Ficção Americana, como o romance em que se baseia, envolve algumas questões espinhosas. Monk sabe que não existe uma experiência negra homogênea, mas os romances que se concentram nos conflitos entre os negros no centro da cidade são aqueles geralmente aceitos pelo público como sendo os mais “reais”. Monk – que está tentando, sem sucesso, vender uma reformulação do livro de Ésquilo Os persas– se opõe a essa linha de pensamento, embora também não reconheça que nem todos tiveram as vantagens que ele tem. No final do filme, ele tem a chance de confrontar Sintara, seu inimigo, ridicularizando livros como o dela como “pornografia de trauma negro” e lamentando que ele vê muito mais potencial na América negra. “Potencial é o que as pessoas veem quando pensam que o que está diante delas não é bom o suficiente”, ela retruca, e tem razão: Monk fica cego por sua própria educação superior e pelo fato de que ele vem de uma área que normalmente seria ser considerada uma boa família. Eventualmente, ele é forçado a repensar sua autoconfiança, e um romance florescente com uma defensora pública chamada Coraline (Erika Alexander) é destruído no processo.

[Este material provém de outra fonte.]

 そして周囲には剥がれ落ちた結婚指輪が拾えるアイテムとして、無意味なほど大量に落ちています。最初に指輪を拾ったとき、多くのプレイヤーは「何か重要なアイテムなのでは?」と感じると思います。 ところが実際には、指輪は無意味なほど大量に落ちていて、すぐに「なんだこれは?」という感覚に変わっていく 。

Sterling K. Brown como Cliff em <i data-lazy-src=

Jefferson conduz todo esse negócio complicado com uma mistura de graça e bom humor. (Este é seu longa de estreia.) O filme vacila aqui e ali, caindo no sentimentalismo – acompanhado de música efusiva – durante uma cena de casamento, e aquele confronto pessoal entre Monk e Sintara acontece apenas porque Jefferson complicou demais o enredo da história. O filme também flerta, um pouco confortavelmente, com a ideia piegas de que Monk precisa ser mais gentil antes que alguém possa amá-lo de verdade.

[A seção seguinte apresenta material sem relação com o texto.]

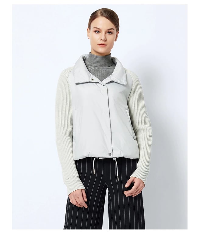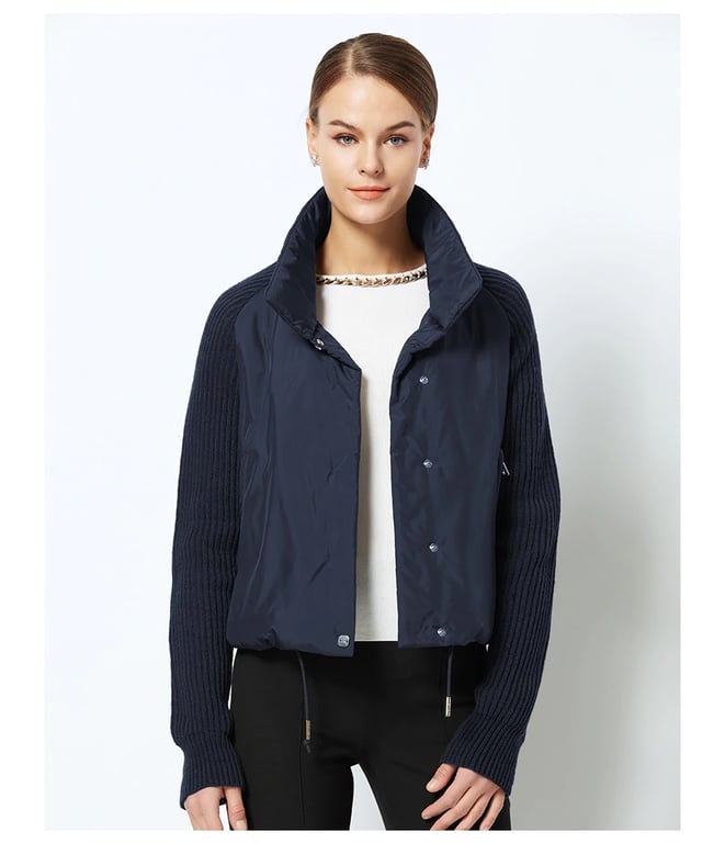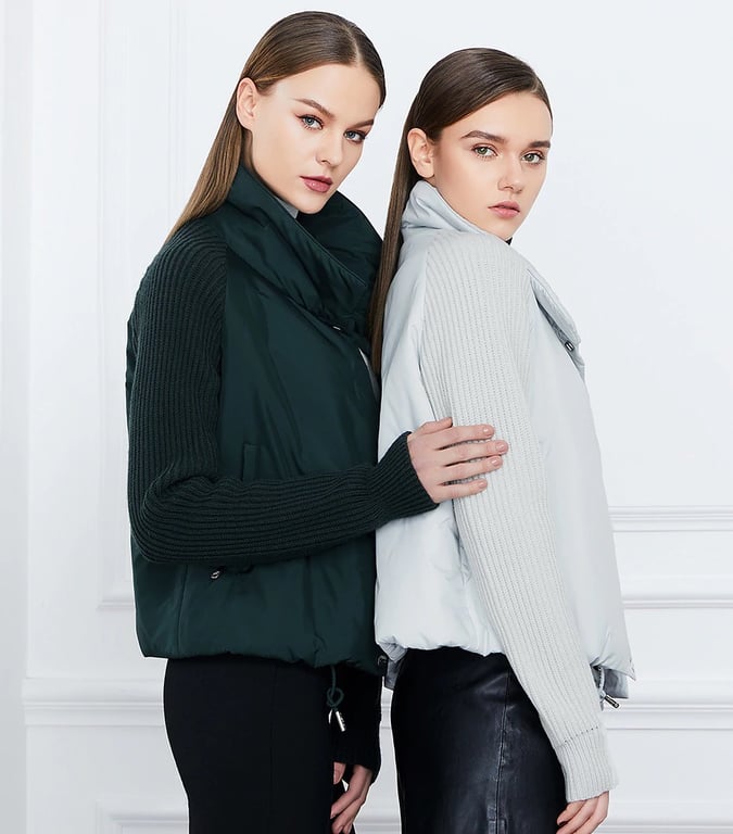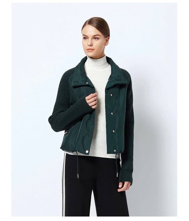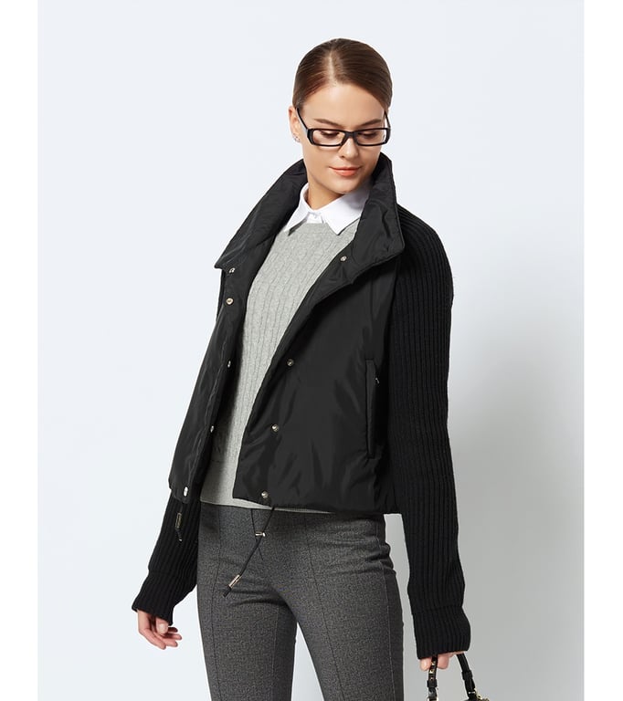 This women's fashion jacket with knitted sleeves is guaranteed to be useful in the cooler months and winter.

Mas, na verdade, Monk é perfeito do jeito que é, especialmente quando Wright o interpreta. Assistir a essa performance faz Ficção Americana um prazer complexo, às vezes desconcertante. A exasperação de Monk, sua falha ocasional em reconhecer o sofrimento dos outros, a frustração misturada com a ternura que sente por sua mãe, que agora depende totalmente dele: Wright dá vida a tudo, não com gestos estrondosos e marcantes, mas com pequenos que nos lembram o quão vulnerável Monk é, mesmo no contexto de sua própria inteligência furiosa. Somos todos vulneráveis ​​– embora as nossas próprias inseguranças não sejam motivo para desprezar os outros. Essa é uma lição que Monk aprende Ficção Americana, embora sua visão da arte e seu poder de refletir todos os tipos de experiências da vida real nunca abrandem. Ele pode parecer implacável ao manter os outros de acordo com seus altos padrões. Mas quais padrões ele deveria seguir? Baixos? Sua teimosia e tenacidade o tornam enlouquecedor e grandioso. Com qualidades como essas, quem precisa de gentileza?